Work to be completed:
Find the line holding "fanáticos de América." in the entries below. Give it again exactly, along with every line after it up to and including the line holding "A separate, independent".

The data Start Marker

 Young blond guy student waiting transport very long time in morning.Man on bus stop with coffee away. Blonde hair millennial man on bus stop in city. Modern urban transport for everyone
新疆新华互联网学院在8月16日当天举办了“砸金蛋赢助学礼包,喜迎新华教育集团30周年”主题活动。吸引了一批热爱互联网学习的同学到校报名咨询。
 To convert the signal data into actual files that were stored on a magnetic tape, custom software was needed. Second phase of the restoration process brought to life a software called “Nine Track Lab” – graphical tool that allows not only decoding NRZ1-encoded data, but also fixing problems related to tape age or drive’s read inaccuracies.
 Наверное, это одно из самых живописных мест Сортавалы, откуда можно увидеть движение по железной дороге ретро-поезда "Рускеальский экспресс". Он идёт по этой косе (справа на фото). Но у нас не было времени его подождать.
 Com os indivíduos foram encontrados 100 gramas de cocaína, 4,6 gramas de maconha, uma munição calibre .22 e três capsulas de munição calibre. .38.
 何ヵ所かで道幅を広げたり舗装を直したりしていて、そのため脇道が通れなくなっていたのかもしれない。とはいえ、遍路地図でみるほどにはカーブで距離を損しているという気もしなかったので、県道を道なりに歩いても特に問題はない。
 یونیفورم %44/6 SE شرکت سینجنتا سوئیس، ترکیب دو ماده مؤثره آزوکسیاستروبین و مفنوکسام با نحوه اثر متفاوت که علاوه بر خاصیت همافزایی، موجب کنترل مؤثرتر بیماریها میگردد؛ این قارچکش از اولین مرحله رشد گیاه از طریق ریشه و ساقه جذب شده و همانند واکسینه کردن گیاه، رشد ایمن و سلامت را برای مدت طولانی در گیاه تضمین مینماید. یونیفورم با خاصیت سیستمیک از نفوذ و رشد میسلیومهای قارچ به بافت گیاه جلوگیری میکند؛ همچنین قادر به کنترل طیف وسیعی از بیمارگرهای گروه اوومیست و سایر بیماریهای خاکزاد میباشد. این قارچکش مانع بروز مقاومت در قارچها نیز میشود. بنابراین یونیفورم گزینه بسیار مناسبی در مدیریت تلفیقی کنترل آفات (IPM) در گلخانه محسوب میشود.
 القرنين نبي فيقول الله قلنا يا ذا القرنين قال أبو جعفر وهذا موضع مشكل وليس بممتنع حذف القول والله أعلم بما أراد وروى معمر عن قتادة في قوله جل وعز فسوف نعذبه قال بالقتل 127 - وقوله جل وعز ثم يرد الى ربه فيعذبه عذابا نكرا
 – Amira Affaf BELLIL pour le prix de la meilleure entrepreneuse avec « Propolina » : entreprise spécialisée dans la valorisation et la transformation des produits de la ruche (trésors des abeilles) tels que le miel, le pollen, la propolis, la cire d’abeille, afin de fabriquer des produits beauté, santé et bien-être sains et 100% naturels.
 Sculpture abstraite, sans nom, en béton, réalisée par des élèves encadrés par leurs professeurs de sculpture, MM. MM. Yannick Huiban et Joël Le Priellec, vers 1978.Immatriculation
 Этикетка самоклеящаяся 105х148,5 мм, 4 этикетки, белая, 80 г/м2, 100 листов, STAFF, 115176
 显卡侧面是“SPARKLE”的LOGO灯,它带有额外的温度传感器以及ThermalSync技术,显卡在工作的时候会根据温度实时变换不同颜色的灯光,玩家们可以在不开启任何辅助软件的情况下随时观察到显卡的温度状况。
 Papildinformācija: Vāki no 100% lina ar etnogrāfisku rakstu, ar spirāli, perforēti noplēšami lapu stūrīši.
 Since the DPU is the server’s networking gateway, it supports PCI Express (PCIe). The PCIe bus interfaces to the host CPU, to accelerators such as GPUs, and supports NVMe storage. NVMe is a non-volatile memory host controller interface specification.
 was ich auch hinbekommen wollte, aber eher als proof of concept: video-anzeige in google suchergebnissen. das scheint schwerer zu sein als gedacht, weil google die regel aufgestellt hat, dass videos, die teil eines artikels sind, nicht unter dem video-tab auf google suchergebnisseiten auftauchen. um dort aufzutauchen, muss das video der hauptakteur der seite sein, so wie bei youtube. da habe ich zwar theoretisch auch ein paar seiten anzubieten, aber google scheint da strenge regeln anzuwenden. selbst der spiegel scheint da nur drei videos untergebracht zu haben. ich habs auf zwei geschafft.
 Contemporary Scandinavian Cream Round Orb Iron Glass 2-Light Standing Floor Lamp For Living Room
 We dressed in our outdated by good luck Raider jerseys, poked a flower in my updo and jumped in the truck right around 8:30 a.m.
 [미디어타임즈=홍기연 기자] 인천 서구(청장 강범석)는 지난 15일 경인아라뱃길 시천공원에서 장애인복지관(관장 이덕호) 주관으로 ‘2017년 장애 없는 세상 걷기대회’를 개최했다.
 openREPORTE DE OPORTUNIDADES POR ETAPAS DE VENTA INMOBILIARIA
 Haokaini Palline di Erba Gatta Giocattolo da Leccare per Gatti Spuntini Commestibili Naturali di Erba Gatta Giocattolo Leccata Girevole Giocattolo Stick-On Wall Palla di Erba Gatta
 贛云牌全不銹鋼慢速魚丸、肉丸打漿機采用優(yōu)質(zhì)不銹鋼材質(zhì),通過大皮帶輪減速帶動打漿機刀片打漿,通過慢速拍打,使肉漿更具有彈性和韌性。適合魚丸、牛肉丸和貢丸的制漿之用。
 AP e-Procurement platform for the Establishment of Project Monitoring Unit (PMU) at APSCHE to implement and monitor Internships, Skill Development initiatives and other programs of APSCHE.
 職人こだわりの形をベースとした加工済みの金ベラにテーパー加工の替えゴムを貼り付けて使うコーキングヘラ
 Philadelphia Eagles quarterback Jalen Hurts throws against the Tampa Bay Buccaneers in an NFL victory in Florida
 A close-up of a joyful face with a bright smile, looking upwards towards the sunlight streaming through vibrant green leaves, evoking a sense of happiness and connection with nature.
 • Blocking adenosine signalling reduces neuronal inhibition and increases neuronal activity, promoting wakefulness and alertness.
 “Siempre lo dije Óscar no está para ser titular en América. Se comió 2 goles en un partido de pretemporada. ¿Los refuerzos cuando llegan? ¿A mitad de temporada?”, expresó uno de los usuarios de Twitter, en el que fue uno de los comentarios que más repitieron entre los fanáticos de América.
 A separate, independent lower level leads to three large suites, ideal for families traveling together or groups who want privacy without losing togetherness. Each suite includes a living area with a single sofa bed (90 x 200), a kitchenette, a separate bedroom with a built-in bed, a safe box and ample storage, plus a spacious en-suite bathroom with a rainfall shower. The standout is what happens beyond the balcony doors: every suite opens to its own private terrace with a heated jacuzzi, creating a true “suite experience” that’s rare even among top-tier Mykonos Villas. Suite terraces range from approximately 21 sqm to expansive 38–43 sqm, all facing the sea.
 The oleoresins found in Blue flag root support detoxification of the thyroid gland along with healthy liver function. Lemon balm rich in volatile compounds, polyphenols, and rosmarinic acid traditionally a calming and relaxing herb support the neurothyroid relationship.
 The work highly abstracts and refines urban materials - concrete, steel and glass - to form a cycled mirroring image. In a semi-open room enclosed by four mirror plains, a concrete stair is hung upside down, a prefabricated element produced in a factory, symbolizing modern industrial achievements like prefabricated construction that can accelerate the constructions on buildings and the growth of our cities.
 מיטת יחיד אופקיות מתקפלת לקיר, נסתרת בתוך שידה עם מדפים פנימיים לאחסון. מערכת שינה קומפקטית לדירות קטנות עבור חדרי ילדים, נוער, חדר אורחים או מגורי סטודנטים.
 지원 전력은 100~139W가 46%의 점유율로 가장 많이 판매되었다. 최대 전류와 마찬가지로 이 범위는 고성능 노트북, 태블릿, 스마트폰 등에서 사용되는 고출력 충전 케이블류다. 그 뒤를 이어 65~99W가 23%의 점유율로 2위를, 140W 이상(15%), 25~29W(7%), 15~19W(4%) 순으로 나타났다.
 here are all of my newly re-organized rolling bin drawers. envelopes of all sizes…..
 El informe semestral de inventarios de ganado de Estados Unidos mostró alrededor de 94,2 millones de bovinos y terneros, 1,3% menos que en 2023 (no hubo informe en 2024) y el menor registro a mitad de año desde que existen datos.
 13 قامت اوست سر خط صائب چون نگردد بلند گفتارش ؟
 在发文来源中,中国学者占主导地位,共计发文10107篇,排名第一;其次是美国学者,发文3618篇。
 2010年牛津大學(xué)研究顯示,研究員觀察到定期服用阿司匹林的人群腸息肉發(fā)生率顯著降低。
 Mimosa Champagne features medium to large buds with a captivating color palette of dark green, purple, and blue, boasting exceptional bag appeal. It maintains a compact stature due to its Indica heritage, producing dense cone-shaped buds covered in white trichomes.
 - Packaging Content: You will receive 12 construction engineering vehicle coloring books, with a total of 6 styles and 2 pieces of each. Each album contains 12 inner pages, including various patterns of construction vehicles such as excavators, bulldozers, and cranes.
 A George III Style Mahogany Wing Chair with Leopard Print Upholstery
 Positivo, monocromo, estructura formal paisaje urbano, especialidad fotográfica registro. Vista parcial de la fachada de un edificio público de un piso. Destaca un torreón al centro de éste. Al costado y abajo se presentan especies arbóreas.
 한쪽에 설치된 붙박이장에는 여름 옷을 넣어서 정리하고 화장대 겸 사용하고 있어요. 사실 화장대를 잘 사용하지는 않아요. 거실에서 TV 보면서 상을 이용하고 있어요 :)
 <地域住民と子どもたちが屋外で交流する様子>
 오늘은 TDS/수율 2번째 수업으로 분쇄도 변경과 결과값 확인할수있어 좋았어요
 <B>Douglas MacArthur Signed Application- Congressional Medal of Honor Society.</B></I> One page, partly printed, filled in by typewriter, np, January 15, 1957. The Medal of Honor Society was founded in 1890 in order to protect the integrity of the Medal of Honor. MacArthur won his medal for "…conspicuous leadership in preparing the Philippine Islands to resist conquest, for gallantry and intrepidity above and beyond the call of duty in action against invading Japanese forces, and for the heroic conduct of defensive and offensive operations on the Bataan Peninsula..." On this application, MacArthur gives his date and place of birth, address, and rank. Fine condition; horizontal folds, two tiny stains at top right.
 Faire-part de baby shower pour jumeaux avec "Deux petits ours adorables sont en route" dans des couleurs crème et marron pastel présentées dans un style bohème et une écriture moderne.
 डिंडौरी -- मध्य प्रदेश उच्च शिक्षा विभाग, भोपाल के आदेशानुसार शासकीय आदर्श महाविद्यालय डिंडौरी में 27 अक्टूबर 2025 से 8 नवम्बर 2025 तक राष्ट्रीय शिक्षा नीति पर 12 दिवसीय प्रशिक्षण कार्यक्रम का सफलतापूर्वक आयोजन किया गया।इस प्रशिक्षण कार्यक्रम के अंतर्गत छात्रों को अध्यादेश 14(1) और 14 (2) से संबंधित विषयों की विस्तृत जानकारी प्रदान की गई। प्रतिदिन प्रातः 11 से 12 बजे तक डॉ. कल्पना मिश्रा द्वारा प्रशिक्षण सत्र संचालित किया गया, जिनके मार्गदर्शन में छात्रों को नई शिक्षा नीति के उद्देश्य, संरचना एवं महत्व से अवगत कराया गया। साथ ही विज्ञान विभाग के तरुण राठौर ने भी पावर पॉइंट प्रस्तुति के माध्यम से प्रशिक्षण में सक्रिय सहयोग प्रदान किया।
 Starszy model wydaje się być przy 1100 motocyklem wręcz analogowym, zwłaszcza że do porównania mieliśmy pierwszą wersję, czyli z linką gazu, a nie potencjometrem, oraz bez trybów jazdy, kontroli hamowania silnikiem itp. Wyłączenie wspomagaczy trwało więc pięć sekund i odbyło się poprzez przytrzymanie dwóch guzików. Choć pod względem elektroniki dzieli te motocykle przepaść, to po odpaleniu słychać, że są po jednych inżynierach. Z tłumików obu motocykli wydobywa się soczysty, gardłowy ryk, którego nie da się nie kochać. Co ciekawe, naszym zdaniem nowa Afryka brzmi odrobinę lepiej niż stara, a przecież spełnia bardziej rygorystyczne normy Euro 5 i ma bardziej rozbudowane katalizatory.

The data End Marker

Result of this exercise:
 “Siempre lo dije Óscar no está para ser titular en América. Se comió 2 goles en un partido de pretemporada. ¿Los refuerzos cuando llegan? ¿A mitad de temporada?”, expresó uno de los usuarios de Twitter, en el que fue uno de los comentarios que más repitieron entre los fanáticos de América.
 A separate, independent lower level leads to three large suites, ideal for families traveling together or groups who want privacy without losing togetherness. Each suite includes a living area with a single sofa bed (90 x 200), a kitchenette, a separate bedroom with a built-in bed, a safe box and ample storage, plus a spacious en-suite bathroom with a rainfall shower. The standout is what happens beyond the balcony doors: every suite opens to its own private terrace with a heated jacuzzi, creating a true “suite experience” that’s rare even among top-tier Mykonos Villas. Suite terraces range from approximately 21 sqm to expansive 38–43 sqm, all facing the sea.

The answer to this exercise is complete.